Linnea has worked in CS since 2014, managing CS operations at Apollo and Jamf after beginning her career in sales; it was the relationship-based approach to sales that gave her a taste – and love – for the operational side of Customer Success. Currently, Linnea heads Customer Experience at When I Work.
Together, they have over a decade of CS leadership experience, making them the ideal experts to guide you on this topic as you consider scaling your CS team.
Before You Scale: Build the Foundation
You can’t scale what isn’t already built and tested.
A solid CS foundation comes down to the three things:
- Documentation: Are your onboarding, renewals, and expansion processes documented and stable?
- Testing: CS processes are not a one-and-done activity; you should regularly test your workflows to identify areas for improvement.
- CRM hygiene: Everyone’s least favorite, but it matters! If your CRM looks like a wasteland of contacts that aren’t active or weird fields that no one can remember setting up and never uses, then some housekeeping is in order.

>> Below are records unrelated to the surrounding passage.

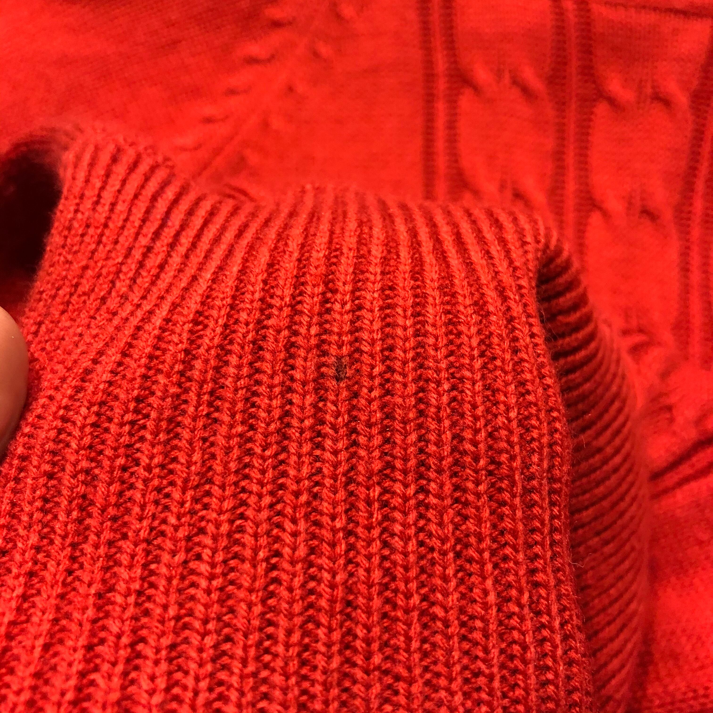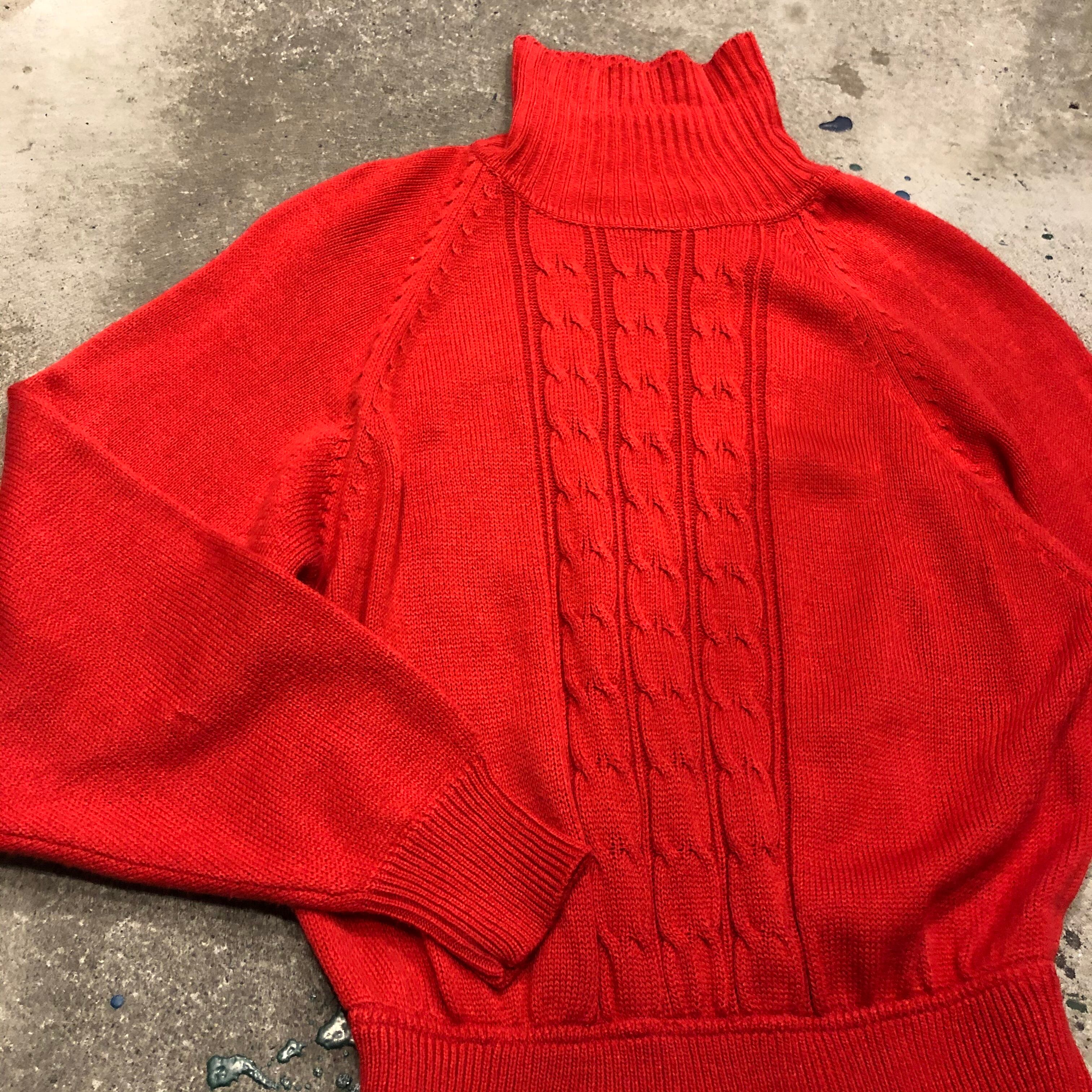 赤よりオレンジ味のある柔らかい色がかわいいです。タートルネックでロング丈なので薄手ですが暖かく、とても楽ちんです。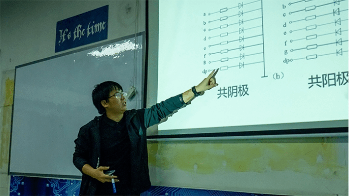 本次授课旨在增加同学们对数码管的认识以及对未来所学专业知识的了解。希望同学们都能在技术部的授课中实现知识与快乐的双丰收,在电子科技园书写属于自己的一份精彩。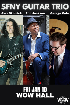 The SFNY Guitar Trio is an exciting new ensemble that hails from Brooklyn, New York, and San Francisco. The trio draws inspiration from the giants who created the 1981 best-selling album "Friday Night in San Francisco." John McLaughlin, Al Di Meola, and Paco de Lucía kicked off the world music phenomenon all those years ago, and sparks are sure to fly when these three modern-day virtuosos pick up the mantle and bring their lightning-fast technical prowess to WOW Hall on Friday, January 10. The six-string masters are led by international guitar sensation Alex Skolnick of metal titans Testament, Brooklyn-based seven-string virtuoso Ron Jackson, and American Gypsy Jazz star George Cole, former guitarist for the David Grisman Quintet. The SFNY Guitar Trio specializes in jaw-dropping original compositions while paying homage to their six-string forebears.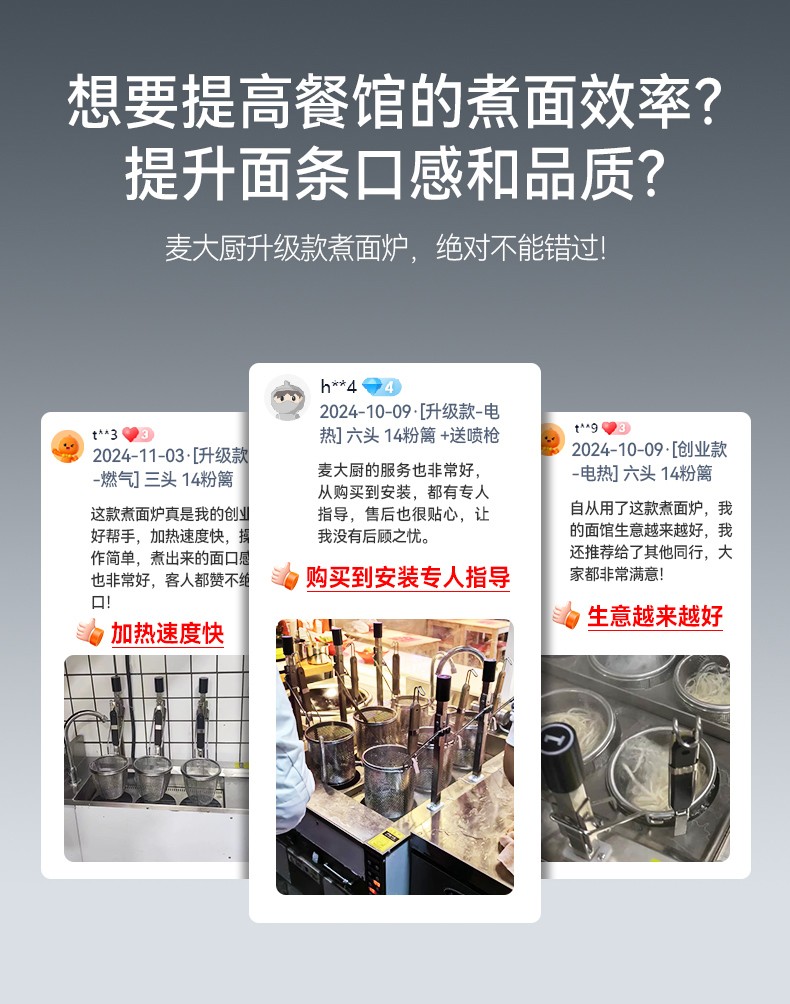 麦大厨单缸升级款电热3头14粉篱自动煮面炉商用

You don’t need to be perfect, but you do need to be able to nod your head to the above and agree before you can even think about scale. If you’re already getting a bit nervous, let’s quickly run through what having a solid Customer Success foundation looks like and what steps you should take.

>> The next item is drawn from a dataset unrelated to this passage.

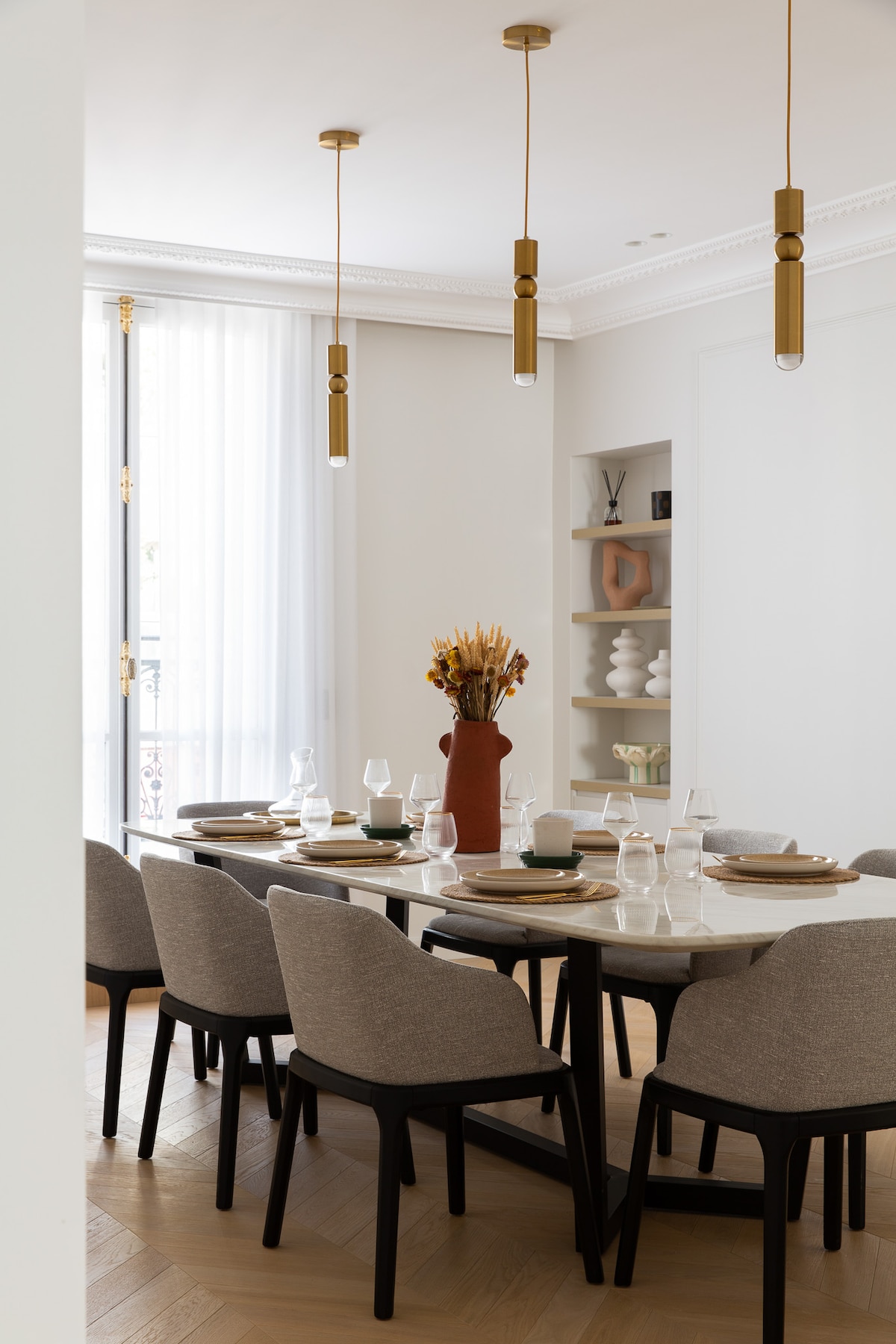 Carefully renovated and decorated by our interior designers, this apartment combines perfectly the codes of Parisian architecture and contemporary comfort. The space Welcome to this sumptuous 180sqm duplex apartment located a few steps from the Avenue des Champs-Elysées, in the heart of the prestigious Golden Triangle. Completely renovated by our architects in a sober and contemporary way, this apartment can accommodate up to 6 people. Upstairs is a gym, as well as a terrace connected to the master bedroom. The 3 bedrooms have king size beds with high quality mattresses, an en suite bathroom with walk-in shower. The bathroom connected to the master bedroom also has a spacious bathtub. The living room includes a fully equipped open kitchen, a pleasant dining area, and a spacious and bright living room to relax and share moments of conviviality with family or friends. To make your stay perfectly pleasant, a daily cleaning service is provided by our teams. Whether you are with family, friends or on a business trip, this luxury setting will offer you an incomparable setting for a memorable Parisian getaway. Enjoy your stay at HIGHSTAY! Guest access The HIGHSTAY team is at your disposal throughout your stay for any request. Other things to note For your convenience, each apartment is fully equipped (see list of amenities). Upon your arrival, you will find still and sparkling water, as well as a selection of coffees and teas. Our concierge team is at your disposal for any request: private chauffeur transfers, grocery shopping, restaurant recommendations, guided tours, and any other bespoke services. Registration Details 7511613274688

Document Everything, Even in Spreadsheets
Start by documenting all of your current CS activities.
Even if you have the founder involved in Customer Success, start by writing everything down, even if it’s basic. Type things out in a shared Drive, record and transcribe voice memos from your phone, or use tools like Granola or even voice-to-text for Google Docs.
Everyone talks to themselves; you're at least being productive. Document all activities for your CSMs to give them a head start on what to build out in programming and repeatable processes.
Avoid Overtooling Too Early
I rattled off a few tools just in the preceding section. We B2B CSMs love our tooling, but don’t over-tool too early.
Both Linnea and Nina have worked with a number of clients over the years who've made the mistake of buying a tool too early and spending $50,000 or more on it, only to have it go unused. No matter how great the software is, if there is no adoption or understanding of how to use it, it’s not useful, and it won’t help you scale.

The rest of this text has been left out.